Nos da miedo dar por hecha la eternidad sabiendo bien que no existe, confiar en el tiempo que creemos poseer y desaprovechar las oportunidades que tenemos para reír con la familia, disfrutar con los amigos, respetar y enriquecernos con los conocidos. Miedo de dejar pasar esa llamada, ese mensaje, ese café o ese viaje. Ya lo haré mañana. A veces mañana es demasiado tarde y entonces es cuando pensamos en los ¿y si hubiera hecho? o dicho, o ido, o… El remordimiento por aquella pelea estúpida, por el comentario hiriente, por la mala cara, por el egoísmo, por no haber prestado suficiente atención o por no haber estado ahí aquella vez que nos lo pidieron. Si ahora pudiéramos volver atrás…

Pero el pretérito imperfecto no existe así que ante el miedo, reaccionamos. Y tratamos de entender que la muerte forma parte de la vida, que es la estación final de nuestro tren pero que el camino que recorremos es lo que de verdad importa.
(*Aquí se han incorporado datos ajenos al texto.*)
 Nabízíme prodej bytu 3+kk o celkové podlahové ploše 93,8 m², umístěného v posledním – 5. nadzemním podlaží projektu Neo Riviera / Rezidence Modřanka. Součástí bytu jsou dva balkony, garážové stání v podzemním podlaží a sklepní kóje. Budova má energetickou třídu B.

Es lo que dejamos y nos dejan, es quiénes somos y cómo somos con quienes amamos, con los que nos cruzamos. Son las risas, las caricias, los besos, los consejos, los abrazos. Es el tiempo que le dedicamos a los demás. Es una canción, aquella que nos hace siempre llorar. Son los viajes, las aventuras, los descubrimientos, la experiencia. Es la mesa compartida, las salas de cine, los libros recomendados. Las charlas interminables, también los malos ratos. El desengaño, el dolor, el sufrimiento. Las malas rachas, incluso la enfermedad. La dureza, la injusticia, la desgracia. El amor en todas sus formas y sentidos, la calidez humana, la calidad personal, la compasión, la humildad, la empatía. La suerte, el destino o el azar. Los puentes que cruzamos, los que quemamos. Las oportunidades que cogemos y las que dejamos pasar. Son nuestras acciones y nuestras emociones. Es el día a día y cómo lo queramos (a veces, podamos) llevar.
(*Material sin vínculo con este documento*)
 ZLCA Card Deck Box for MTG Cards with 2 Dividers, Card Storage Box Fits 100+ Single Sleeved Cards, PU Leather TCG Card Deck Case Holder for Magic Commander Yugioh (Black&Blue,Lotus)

La vida, en definitiva, son las personas que ponemos en ella, las que nos vienen dadas de fábrica y las que se nos atraviesan temporalmente para regalarnos una enseñanza o darnos una lección. No sabemos cómo ni cuándo pero lo que es cierto es que vivos no saldremos de aquí, así que de nosotros depende que al final del camino nos convirtamos en un buen recuerdo para aquellos que compartieron la travesía con nosotros, porque como dice el gran Mario Benedetti «la muerte es sólo un síntoma de que hubo vida».

La partida está en juego, no la desaprovechemos.